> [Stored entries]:
━━━━━━━━━━

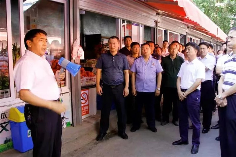 劉軍志一行選取了橋西區(qū)老舊市場、新建市場和占道市場中具有代表性的悅家鄰里菜市場、東里綜合便民市場和西里南街菜市場等三個示范點,進行現(xiàn)場觀摩。會上,工作人員就各市場的基本信息公示、環(huán)境衛(wèi)生、商品擺放,從秩序管理及食品三防等標準規(guī)范方面進行了詳細解說。
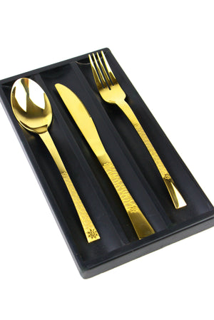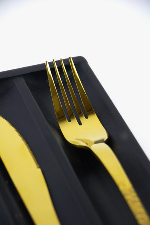 طقم أدوات مائدة أرشيا الذهبي، 86 قطعة، مصمم ليُبهر الجميع، يجمع بين الأناقة الخالدة والحرفية الاستثنائية. مصنوع من الفولاذ المقاوم للصدأ الفاخر بلمسة نهائية ذهبية لامعة، كل قطعة تتميز بتصميم أنيق وعصري، مما يجعله إضافة مثالية لأي طاولة.
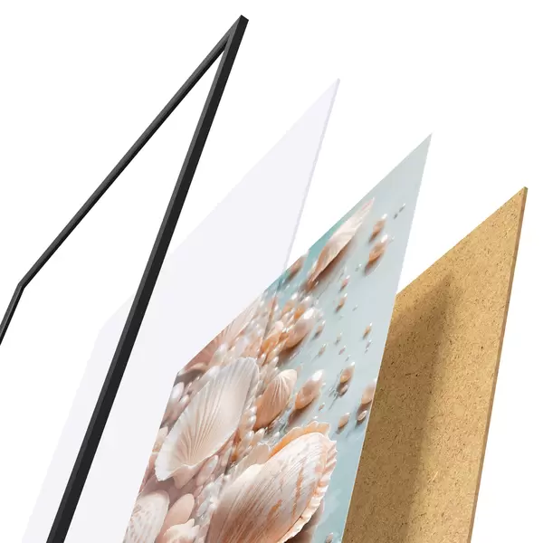Le poster se compose d'un cadre, d'un plexiglas, d'une image imprimée et d'un support en aggloméré. Le poster peut être immédiatement accroché au mur grâce aux fixations au dos.
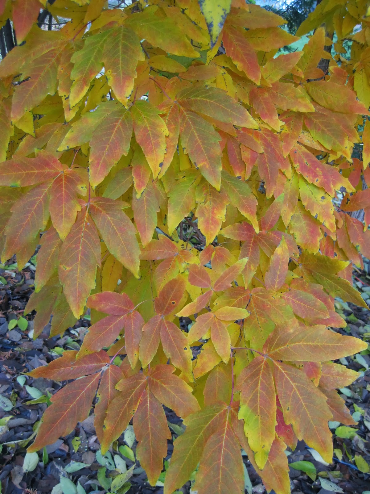 start of fall color (will get more orange) for the three-flower maple (Acer triflorum) - woody tree
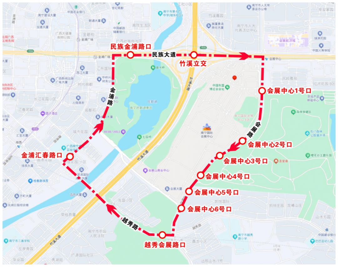 重点保障开幕式主会场(南宁民歌湖)周边市民游客的出行接驳。

━━━━━━━━━━

> [Problem requirements]:
Quote each record exactly as it stands, minus the pictures.

> [Task answer]:
 劉軍志一行選取了橋西區(qū)老舊市場、新建市場和占道市場中具有代表性的悅家鄰里菜市場、東里綜合便民市場和西里南街菜市場等三個示范點,進行現(xiàn)場觀摩。會上,工作人員就各市場的基本信息公示、環(huán)境衛(wèi)生、商品擺放,從秩序管理及食品三防等標準規(guī)范方面進行了詳細解說。
 طقم أدوات مائدة أرشيا الذهبي، 86 قطعة، مصمم ليُبهر الجميع، يجمع بين الأناقة الخالدة والحرفية الاستثنائية. مصنوع من الفولاذ المقاوم للصدأ الفاخر بلمسة نهائية ذهبية لامعة، كل قطعة تتميز بتصميم أنيق وعصري، مما يجعله إضافة مثالية لأي طاولة.
Le poster se compose d'un cadre, d'un plexiglas, d'une image imprimée et d'un support en aggloméré. Le poster peut être immédiatement accroché au mur grâce aux fixations au dos.
 start of fall color (will get more orange) for the three-flower maple (Acer triflorum) - woody tree
 重点保障开幕式主会场(南宁民歌湖)周边市民游客的出行接驳。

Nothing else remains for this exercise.